***** Given information

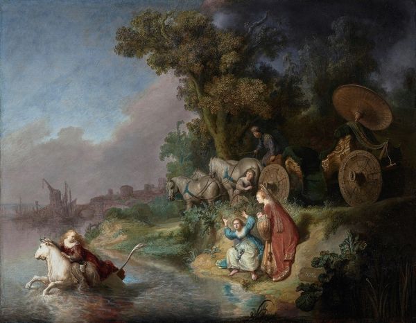 Editor: So here we have Giuseppe Maria Crespi’s oil painting, “Nymphs Disarming Sleeping Cupids,” created in 1705. It gives off a serene, almost mischievous feeling, seeing these figures resting under a gloomy, atmospheric sky. How do you read the narrative of the painting? Curator: It’s intriguing, isn’t it? Crespi places these classical figures in what almost feels like a stage setting, and I am interested in the role the patrons of paintings like this played in their meaning. Genre scenes of mythological or allegorical events provided entertainment, yes, but also reinforced social hierarchies, reflecting elite education and leisure. The disarming of Cupid – the mischievous god of love – could symbolize the taming or redirection of passionate desires into socially acceptable behaviors, and were popular wedding commissions for the aristocracy. How does the depiction of the figures influence your perception? Editor: I noticed that the nymphs are portrayed with very soft features, exuding a certain grace that's quite captivating, despite their playful act of disarming the cupids. Is there something to read into their body language? Curator: Indeed, Crespi’s Baroque style here brings forward some interesting choices of composition. While mythological subjects were typical for elite collections, the naturalism in his depiction of the female figures suggests a turn towards emphasizing human sensuality within even an allegorical context, so maybe it reflects broader shifts in the perception of women in art and society at that time, moving beyond purely symbolic or moralistic representations. What is your final opinion about what meaning to take away from the scene? Editor: That’s helpful. I see it as a fascinating lens into the power dynamics of the time. Thanks! Curator: My pleasure, that makes two of us! Thinking about the institutional contexts, this kind of intimate genre scene reveals much about the lives and values of its original viewers.
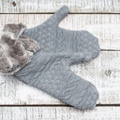 Mitaine d’hiver pour dame tricot torsadé gris
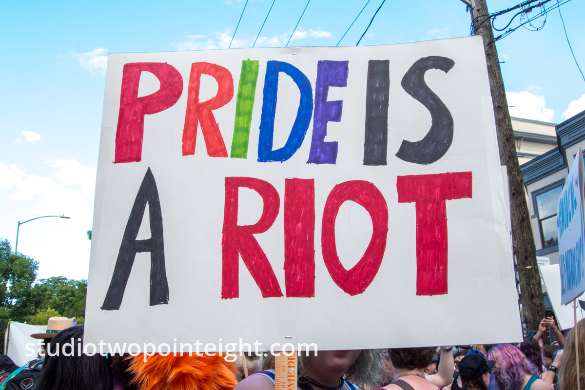 In this Studio 2.8 photograph from Seattle Trans Pride on June 28, 2019, an attendee held aloft a poster on a yard stick with the slogan "Pride Is A Riot" on it, in homage to the June 28, 1969 Stonewall Riots in New York City. This Studio 2.8 photograph was produced on the evening of June 28, 2019 just before the 2019 Seattle Trans Pride march and rally. The Seattle Trans Pride 2019 march and rally was held in the Capitol Hill neighborhood of Seattle, Washington.
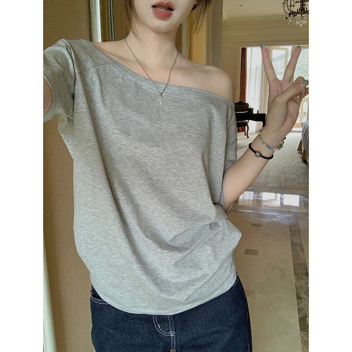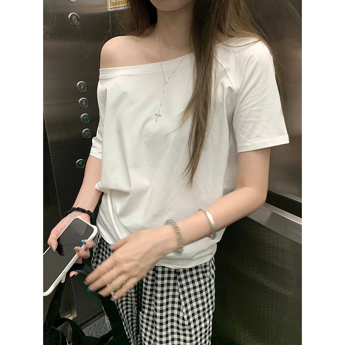 T恤女Summer Tee White Shoulder Top Off 斜肩露肩宽松遮肉短袖
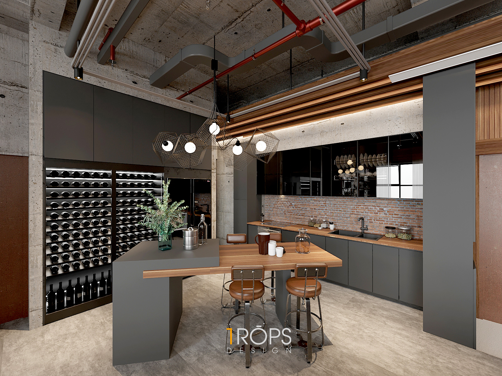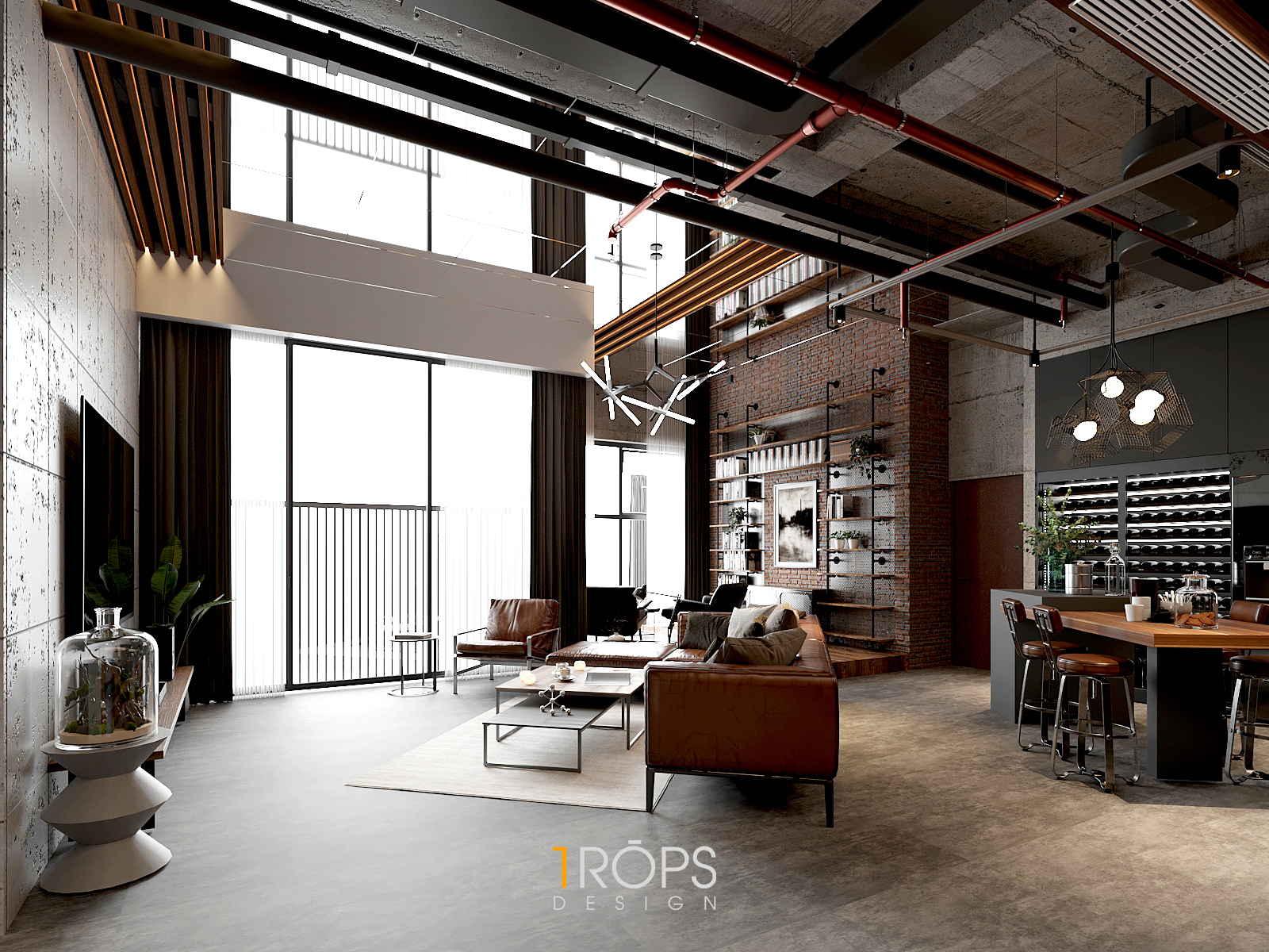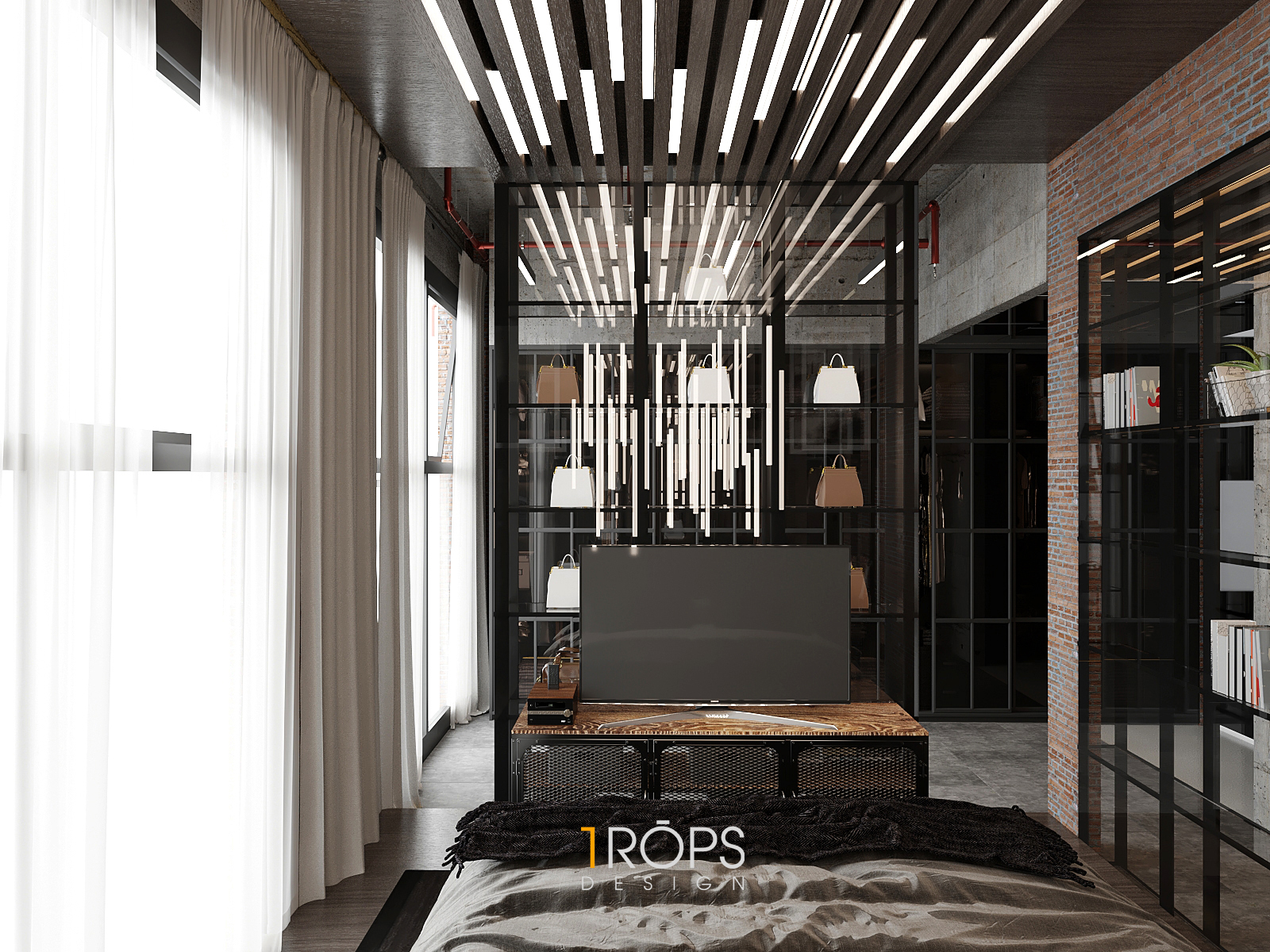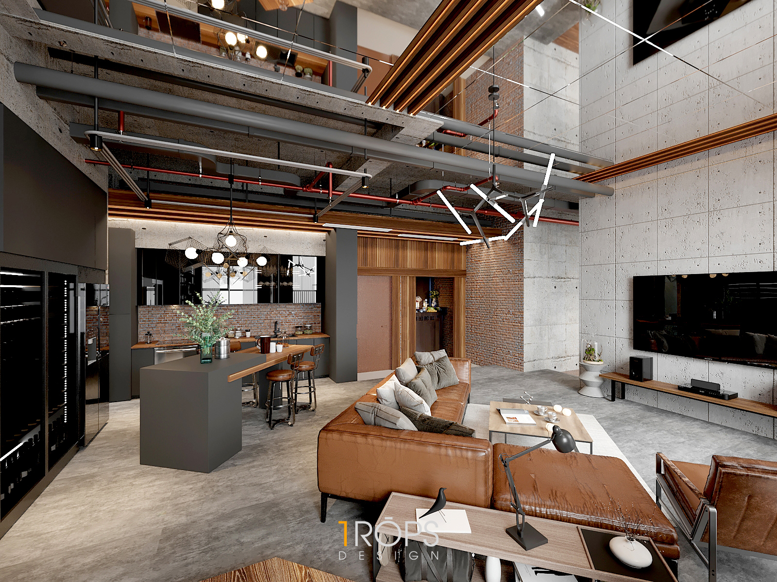 Thấu hiểu ý tưởng, Tropicons đã lên cho gia chủ một thiết kế hoàn hảo, phòng làm việc và phòng ngủ với những chi tiết vật liệu thô cứng nhưng lại toát lên sự mạnh mẽ.

**********

Task requirements — Your output must match the records word for word, apart from the images, which are left out.

Answer space —
 Editor: So here we have Giuseppe Maria Crespi’s oil painting, “Nymphs Disarming Sleeping Cupids,” created in 1705. It gives off a serene, almost mischievous feeling, seeing these figures resting under a gloomy, atmospheric sky. How do you read the narrative of the painting? Curator: It’s intriguing, isn’t it? Crespi places these classical figures in what almost feels like a stage setting, and I am interested in the role the patrons of paintings like this played in their meaning. Genre scenes of mythological or allegorical events provided entertainment, yes, but also reinforced social hierarchies, reflecting elite education and leisure. The disarming of Cupid – the mischievous god of love – could symbolize the taming or redirection of passionate desires into socially acceptable behaviors, and were popular wedding commissions for the aristocracy. How does the depiction of the figures influence your perception? Editor: I noticed that the nymphs are portrayed with very soft features, exuding a certain grace that's quite captivating, despite their playful act of disarming the cupids. Is there something to read into their body language? Curator: Indeed, Crespi’s Baroque style here brings forward some interesting choices of composition. While mythological subjects were typical for elite collections, the naturalism in his depiction of the female figures suggests a turn towards emphasizing human sensuality within even an allegorical context, so maybe it reflects broader shifts in the perception of women in art and society at that time, moving beyond purely symbolic or moralistic representations. What is your final opinion about what meaning to take away from the scene? Editor: That’s helpful. I see it as a fascinating lens into the power dynamics of the time. Thanks! Curator: My pleasure, that makes two of us! Thinking about the institutional contexts, this kind of intimate genre scene reveals much about the lives and values of its original viewers.
 Mitaine d’hiver pour dame tricot torsadé gris
 In this Studio 2.8 photograph from Seattle Trans Pride on June 28, 2019, an attendee held aloft a poster on a yard stick with the slogan "Pride Is A Riot" on it, in homage to the June 28, 1969 Stonewall Riots in New York City. This Studio 2.8 photograph was produced on the evening of June 28, 2019 just before the 2019 Seattle Trans Pride march and rally. The Seattle Trans Pride 2019 march and rally was held in the Capitol Hill neighborhood of Seattle, Washington.
 T恤女Summer Tee White Shoulder Top Off 斜肩露肩宽松遮肉短袖
 Thấu hiểu ý tưởng, Tropicons đã lên cho gia chủ một thiết kế hoàn hảo, phòng làm việc và phòng ngủ với những chi tiết vật liệu thô cứng nhưng lại toát lên sự mạnh mẽ.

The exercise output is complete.